- _TASK STATEMENT_
What is needed is an exact copy of the lines in the listing below, from the one with "广州滨江上都一期住宅,被命名" up to and including the one with "Front row, from", with no other lines.

- _EXERCISE DATA_

◆ ◆ ◆

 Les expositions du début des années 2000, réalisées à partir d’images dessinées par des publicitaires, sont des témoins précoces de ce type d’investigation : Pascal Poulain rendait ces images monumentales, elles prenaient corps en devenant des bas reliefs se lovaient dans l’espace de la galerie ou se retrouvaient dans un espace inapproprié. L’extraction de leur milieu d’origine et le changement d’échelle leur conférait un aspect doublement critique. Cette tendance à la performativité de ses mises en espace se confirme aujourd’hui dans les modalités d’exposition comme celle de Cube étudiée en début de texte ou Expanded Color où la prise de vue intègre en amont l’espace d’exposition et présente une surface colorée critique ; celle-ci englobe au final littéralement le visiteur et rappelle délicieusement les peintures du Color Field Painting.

◆ ◆ ◆

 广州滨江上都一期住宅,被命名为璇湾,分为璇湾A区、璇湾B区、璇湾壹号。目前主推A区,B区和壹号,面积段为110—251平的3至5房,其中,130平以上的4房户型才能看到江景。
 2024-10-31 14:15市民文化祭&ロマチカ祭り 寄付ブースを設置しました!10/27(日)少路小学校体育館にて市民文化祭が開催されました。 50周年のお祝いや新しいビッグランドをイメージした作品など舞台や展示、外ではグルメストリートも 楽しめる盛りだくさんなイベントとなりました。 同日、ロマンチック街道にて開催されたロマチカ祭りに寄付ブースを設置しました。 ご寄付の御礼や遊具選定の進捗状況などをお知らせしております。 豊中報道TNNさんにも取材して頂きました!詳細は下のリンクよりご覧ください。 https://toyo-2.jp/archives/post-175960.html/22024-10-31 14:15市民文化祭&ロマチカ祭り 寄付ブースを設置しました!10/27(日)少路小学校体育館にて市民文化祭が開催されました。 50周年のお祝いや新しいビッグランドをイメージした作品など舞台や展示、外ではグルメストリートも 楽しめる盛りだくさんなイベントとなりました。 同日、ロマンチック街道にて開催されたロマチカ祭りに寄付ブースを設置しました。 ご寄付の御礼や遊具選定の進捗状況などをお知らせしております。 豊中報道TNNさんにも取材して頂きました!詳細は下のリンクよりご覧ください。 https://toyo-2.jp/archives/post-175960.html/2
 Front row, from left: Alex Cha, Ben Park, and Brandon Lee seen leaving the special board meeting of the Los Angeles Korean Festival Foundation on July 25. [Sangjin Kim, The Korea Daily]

◆ ◆ ◆

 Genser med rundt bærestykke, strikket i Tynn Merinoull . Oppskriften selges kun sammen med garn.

◆ ◆ ◆

- _REPLY TO THE EXERCISE_
 广州滨江上都一期住宅,被命名为璇湾,分为璇湾A区、璇湾B区、璇湾壹号。目前主推A区,B区和壹号,面积段为110—251平的3至5房,其中,130平以上的4房户型才能看到江景。
 2024-10-31 14:15市民文化祭&ロマチカ祭り 寄付ブースを設置しました!10/27(日)少路小学校体育館にて市民文化祭が開催されました。 50周年のお祝いや新しいビッグランドをイメージした作品など舞台や展示、外ではグルメストリートも 楽しめる盛りだくさんなイベントとなりました。 同日、ロマンチック街道にて開催されたロマチカ祭りに寄付ブースを設置しました。 ご寄付の御礼や遊具選定の進捗状況などをお知らせしております。 豊中報道TNNさんにも取材して頂きました!詳細は下のリンクよりご覧ください。 https://toyo-2.jp/archives/post-175960.html/22024-10-31 14:15市民文化祭&ロマチカ祭り 寄付ブースを設置しました!10/27(日)少路小学校体育館にて市民文化祭が開催されました。 50周年のお祝いや新しいビッグランドをイメージした作品など舞台や展示、外ではグルメストリートも 楽しめる盛りだくさんなイベントとなりました。 同日、ロマンチック街道にて開催されたロマチカ祭りに寄付ブースを設置しました。 ご寄付の御礼や遊具選定の進捗状況などをお知らせしております。 豊中報道TNNさんにも取材して頂きました!詳細は下のリンクよりご覧ください。 https://toyo-2.jp/archives/post-175960.html/2
 Front row, from left: Alex Cha, Ben Park, and Brandon Lee seen leaving the special board meeting of the Los Angeles Korean Festival Foundation on July 25. [Sangjin Kim, The Korea Daily]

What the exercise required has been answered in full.